▸ Data segment:
┄┄┄┄┄┄┄┄┄┄┄┄┄┄┄┄┄┄┄┄

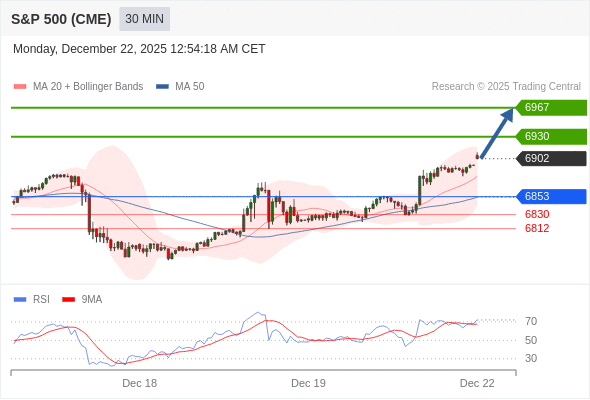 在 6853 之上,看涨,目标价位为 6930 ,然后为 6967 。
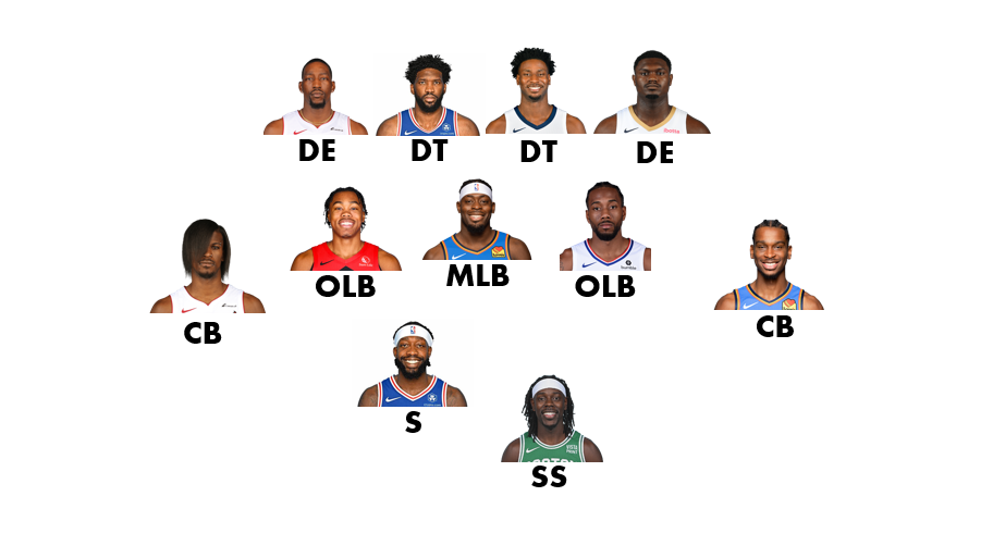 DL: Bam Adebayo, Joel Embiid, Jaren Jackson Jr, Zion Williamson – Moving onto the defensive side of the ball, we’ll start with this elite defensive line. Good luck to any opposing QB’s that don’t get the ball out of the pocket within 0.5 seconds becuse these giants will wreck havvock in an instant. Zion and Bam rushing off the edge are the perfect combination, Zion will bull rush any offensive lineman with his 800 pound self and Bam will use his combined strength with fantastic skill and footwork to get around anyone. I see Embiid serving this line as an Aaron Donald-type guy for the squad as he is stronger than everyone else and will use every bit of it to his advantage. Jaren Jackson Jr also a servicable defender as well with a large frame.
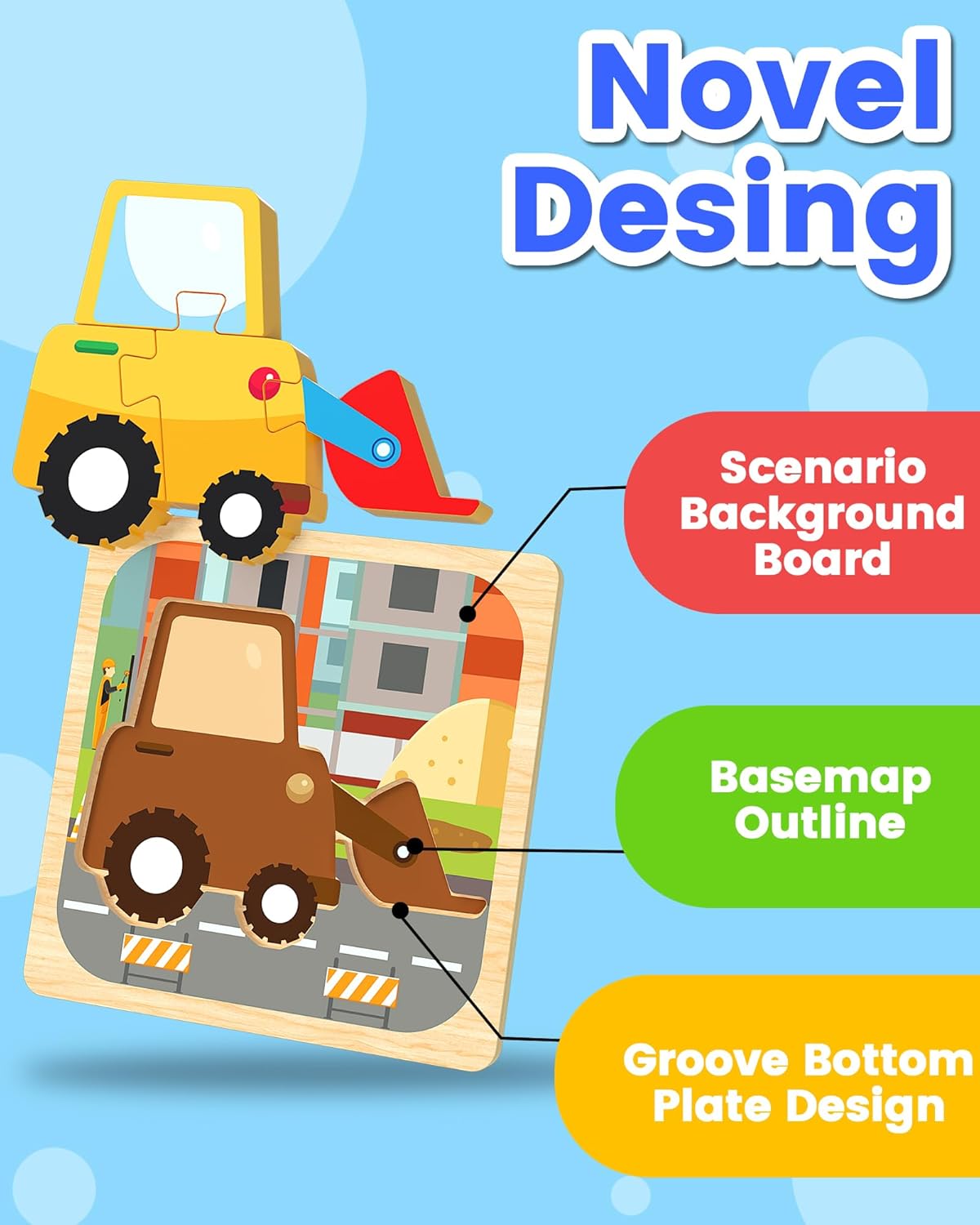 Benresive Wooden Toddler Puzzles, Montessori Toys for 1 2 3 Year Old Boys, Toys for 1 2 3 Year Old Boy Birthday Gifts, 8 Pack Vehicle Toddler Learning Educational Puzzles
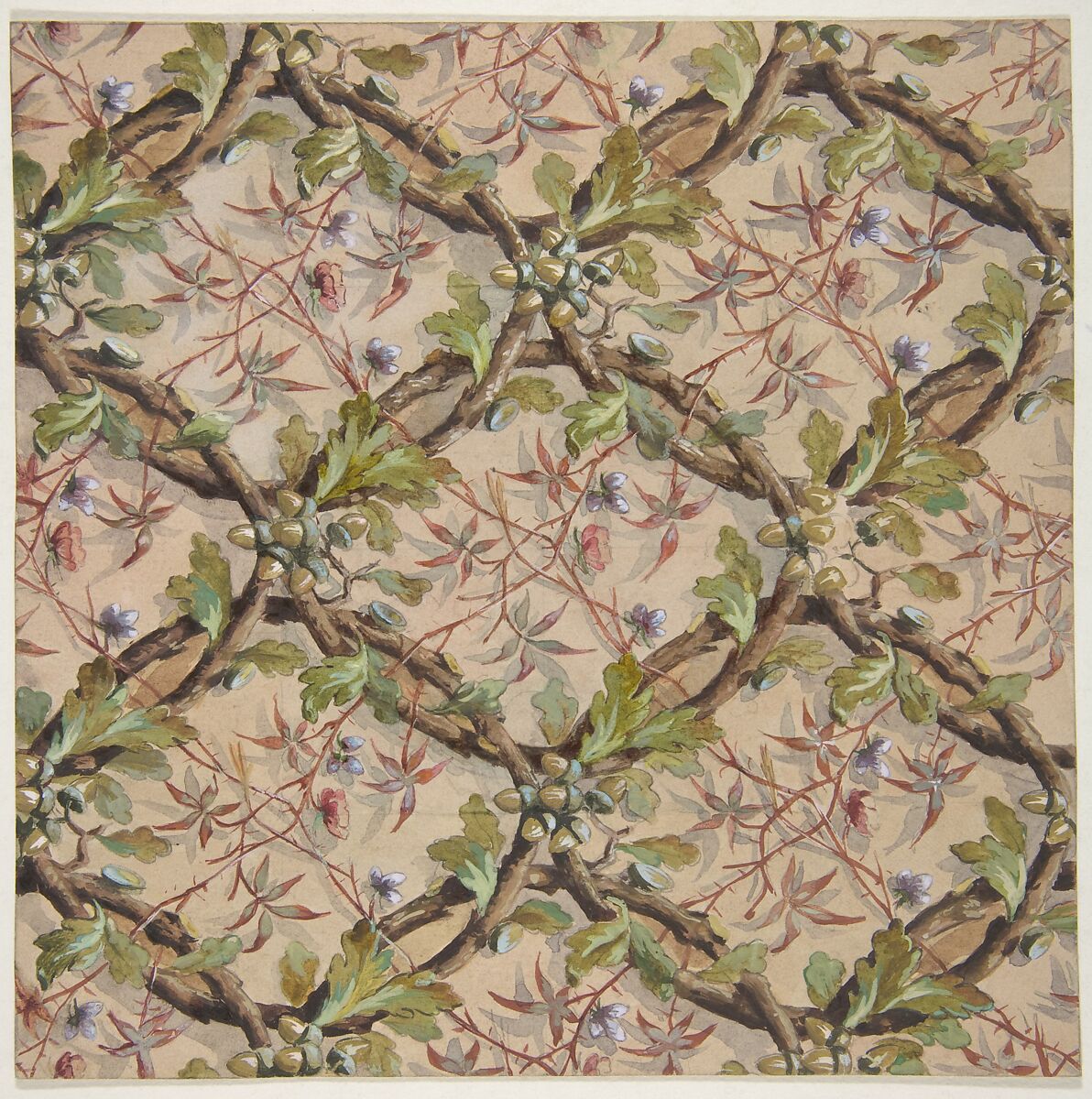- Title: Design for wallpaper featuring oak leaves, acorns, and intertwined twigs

┄┄┄┄┄┄┄┄┄┄┄┄┄┄┄┄┄┄┄┄

Everything in the listing is to be returned word for word, except the pictures.

 在 6853 之上,看涨,目标价位为 6930 ,然后为 6967 。
 DL: Bam Adebayo, Joel Embiid, Jaren Jackson Jr, Zion Williamson – Moving onto the defensive side of the ball, we’ll start with this elite defensive line. Good luck to any opposing QB’s that don’t get the ball out of the pocket within 0.5 seconds becuse these giants will wreck havvock in an instant. Zion and Bam rushing off the edge are the perfect combination, Zion will bull rush any offensive lineman with his 800 pound self and Bam will use his combined strength with fantastic skill and footwork to get around anyone. I see Embiid serving this line as an Aaron Donald-type guy for the squad as he is stronger than everyone else and will use every bit of it to his advantage. Jaren Jackson Jr also a servicable defender as well with a large frame.
 Benresive Wooden Toddler Puzzles, Montessori Toys for 1 2 3 Year Old Boys, Toys for 1 2 3 Year Old Boy Birthday Gifts, 8 Pack Vehicle Toddler Learning Educational Puzzles
- Title: Design for wallpaper featuring oak leaves, acorns, and intertwined twigs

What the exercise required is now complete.